The biggest lesson I learned in this podcast is to have contingencies! So many people list their spouse’s name as a beneficiary with no contingencies. If a beneficiary dies, the benefits will go to the contingent. If you and your spouse are both killed in a car crash at the same time, without a contingency, your benefits are left in limbo. Several contingencies must be clearly identified.

This week I finished reading “1000+ Little Things Happy Successful People Do Differently” written by Marc Chernoff. One thing that stood out to me was an example of a tangerine.

“Imagine you had a ripe, juicy tangerine sitting on the table in front of you. You pick it up eagerly, take a bite, and begin to taste it.

You already know how a ripe, juicy tangerine should taste, and so when this one is a bit tarter than expected, you make a face, feel a sense of disappointment, and swallow it, feeling cheated out of the experience you expected.
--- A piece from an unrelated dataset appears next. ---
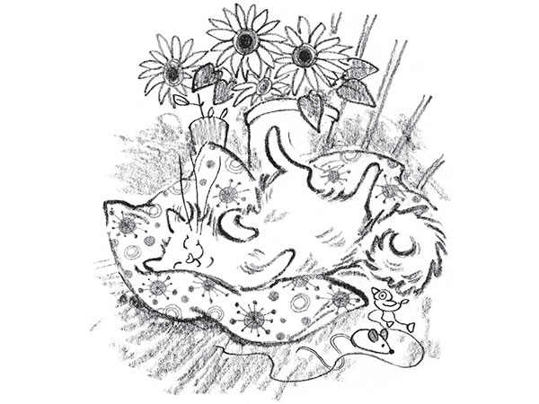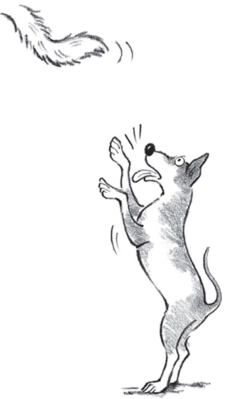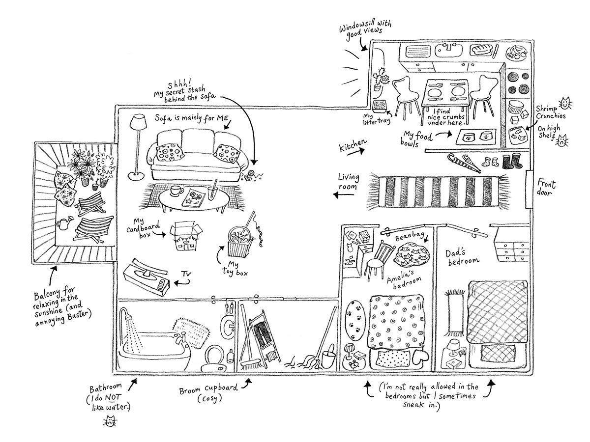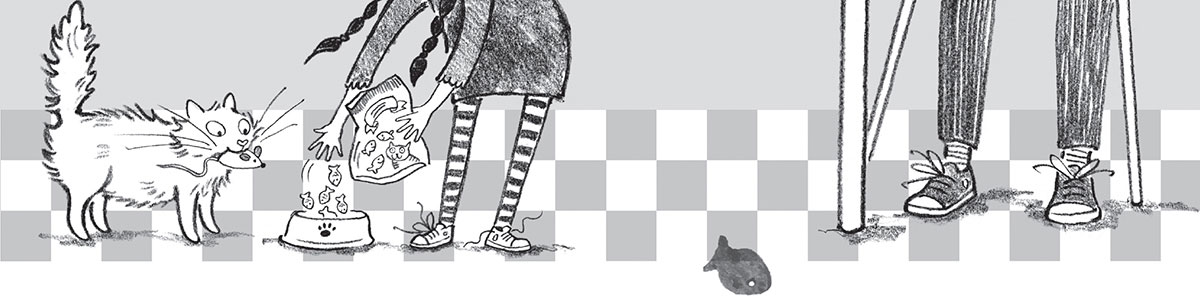 But I’ve stopped listening. I’m too busy thinking about my tea. I pick up my toy mouse, Squeaker, and I go into the kitchen where Amelia’s dad is working at the table.

Or perhaps the tangerine tastes completely normal— nothing special at all. So, you swallow it without even pausing to appreciate its flavor as you move on to the next unworthy bite, and the next.

In the first scenario, the tangerine let you down because it didn’t meet your expectations. In the second, it was too plain because it met your expectations to a T.”

How ironic! The tangerine can be substituted for almost anything in your life: any event, situation, relationship, person, or thought. If you approach any of these with expectations of “how it should be” or “how it has to be” in order to be good enough for you, they will almost always disappoint you in some way.

I look forward to reading, learning, and sharing more with you soon!